The state is not the remedy but the poison


On the face of it, it’s hard to argue against George Monbiot’s contention that the state is required to curb the excesses of capital, by imposing ‘legal restraints upon freedoms which interfere with other people’s freedoms – or on freedoms which conflict with justice and humanity.’ Decades of financial deregulation led to a financial crisis to which we are yet to know the full cost; the gap between rich and poor continues to grow; and governments frequently excuse regressive policies against the will of the public on the grounds of ensuring market confidence. In such times, it is understandable that Monbiot defends the role of the state as bulwark against big business, following Henri Lacondaire’s axiom that ‘between the strong and the weak, the rich and the poor, the master and the servant, it’s liberty that oppresses, and the law that liberates’.

But it is a mistake to portray the state as a brake on the rampages of the rich and powerful. Monbiot is right to deplore the misuse of the idea of freedom by the rich and powerful to justify their greed and tyranny. But in positing the state as protector of the poor, he lets it off the hook, when it is in fact the principle enabler of their plunder. The state gives a few crumbs with one hand and with the other wields a cattle-prod to keep the hoi polloi away from the masters’ table.

There is much talk of China’s new hybrid form of statist capitalism. This ignores the statism in our own backyard: all capitalism is impossible without massive state intervention. One man owns a million square acres and has near-absolute control over what is done to it, while a million others do not even have one acre – or they must pay rent to loan a little scrap of land, or a small portion of a building to live in. If I try to start farming on one of those million acres, I’m a trespasser, and it is the state that will punish me. There’s nothing inherently legitimate about that state of affairs; it’s not a state of nature, or even an unjust form of freedom. It is not – as in the liberal formulation – a question of balancing freedoms. One man cannot possibly farm a million acres; it is a nonsense to say that in claiming ownership of them, he is exercising his freedom. All he is doing is denying others the use of the land, except on terms that extracts most of the profit from their work; and, crucially, he couldn’t do that without the sanction of the state. It’s a state-enforced denial of freedom.

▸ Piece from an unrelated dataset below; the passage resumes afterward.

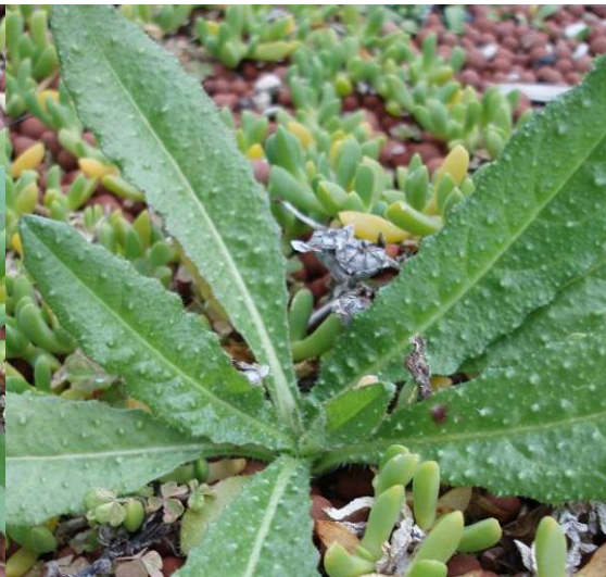
Dandelion Taraxacum officinale (Europe, LHS) and Bristly oxtongue Picris echioides (Europe, RHS)

The so-called libertarians whom Monbiot describes speak in such dense Orwellian double-speak that their words can’t be taken at face value. When they deplore state intervention, they aren’t talking about grotesque property laws that allow the ridiculous situation in which hundreds or thousands of workers at a fast-food chain have no ownership of the company for which they work, which is ‘owned’ by a few well-fed men who never set food on the shop floor. When they talk about freedom, they mean a state of varying degrees of desperation for the majority of humankind such that the only options are put their labour up for hire, so that they can make enough to get by – if they’re lucky; some freedom. And when they whine about big government, they’re not talking about the highly complex, state-dependent system of institutions, legislation and trade arrangements that ensures that capital flows unimpeded across borders while labour is at the mercy of local conditions, ensuring that products are made with the lowest possible labour costs, even if it means shipping them halfway around the world on fume-spewing jets.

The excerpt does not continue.